The Software Licensing Audit

Once an informant provides a solid lead on software piracy to a software publisher or industry trade group, a business will typically receive a cease and desist letter and/or a letter requesting a software licensing audit.

A software licensing audit boils down to a critical review of software assets to determine if all the software available for use is properly licensed. The audit can be self administered or conducted by an outside party. The goal of the audit is to determine compliance with licensing agreements. The results of these audits typically form the basis for enforcement or corrective action.

After receiving an audit letter, a business will have to decide how to respond. The basic choice is to fight or cooperate. Many businesses might not understand the potential exposure involved at this stage and can face real uncertainty about the identity of the informant. Most small businesses cooperate on some level by allowing the audit in some agreed upon fashion. Cooperation can be like letting the fox into the hen house, but fighting may not be a realistic alternative, especially if licensing noncompliance is genuine.

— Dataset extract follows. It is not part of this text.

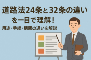 【比較】道路法24条と32条の違いを一目で理解!用途・手続・期間の違いを解説
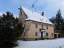 Der zweigeschossige Bau mit Satteldach und Eckerker besitzt drei zu zwei Fensterachsen.

Tips to Avoid Inadvertent Software Piracy

Given the potential criminal and civil penalties for software piracy, here are some tips to help you and your clients avoid inadvertent software licensing compliance:

  • Periodically conduct a self-audit. Most businesses probably fail to comply with licensing terms in some area. To minimize the risk of an enforcement action or formal audit, it's best for a business to be proactive by identifying noncompliance on its own.
  • Create a software asset management plan and enforce it. A software asset management plan should include (a) a written policy covering the terms for copying, use, and transfer of company software; (b) written advisements of the seriousness of software piracy; and (c) a written employee disciplinary policy outlining the consequences for an employee for improper software use.
  • Develop a software repository or management system. A software repository or management system should keep adequate software records, licenses, and dated proof of purchases in a fire-proof, secure location. A business can run into problems during an official audit if the business actually purchased a proper license, but cannot adequately prove it with documentation.

If you or a client do face an enforcement action or receive an audit letter, here is some advice:

1. Hire knowledgeable legal counsel. It is imperative to engage knowledgeable counsel to protect your interests if you face an enforcement action for software piracy. A business' managers or IT professional should not try to negotiate with trade groups or software publishers. Too many variables requiring the input of legal counsel can substantially affect the action outcome.

2. Do not ignore an audit letter. Receiving an audit letter is serious, and it should not be disregarded or ignored. If you ignore the letter, you risk ending up in court and can lose the opportunity for a fair negotiation.

3. Do not destroy or delete the software. This one should be obvious but because the temptation exists it should be advised against.

4. Do not fire an employee for informing about software piracy. Firing an employee could lead to additional litigation for wrongful termination.

5. Do not run out to buy the proper licensing— it will not solve the problem. Any enforcement action taken pursuant to a licensing audit will insist on proof of proper licensing at the time of the offense.


Proactive planning and software asset management are the best ways to prevent software compliance audits or enforcement actions for improper software use. Even with the best policies, however, inadvertent licensing issues can arise for any business. When faced with noncompliance actions, you have a variety of methods to manage the situation. Most importantly, a business should engage legal counsel to assist with preventing or defending a software enforcement action or licensing audit.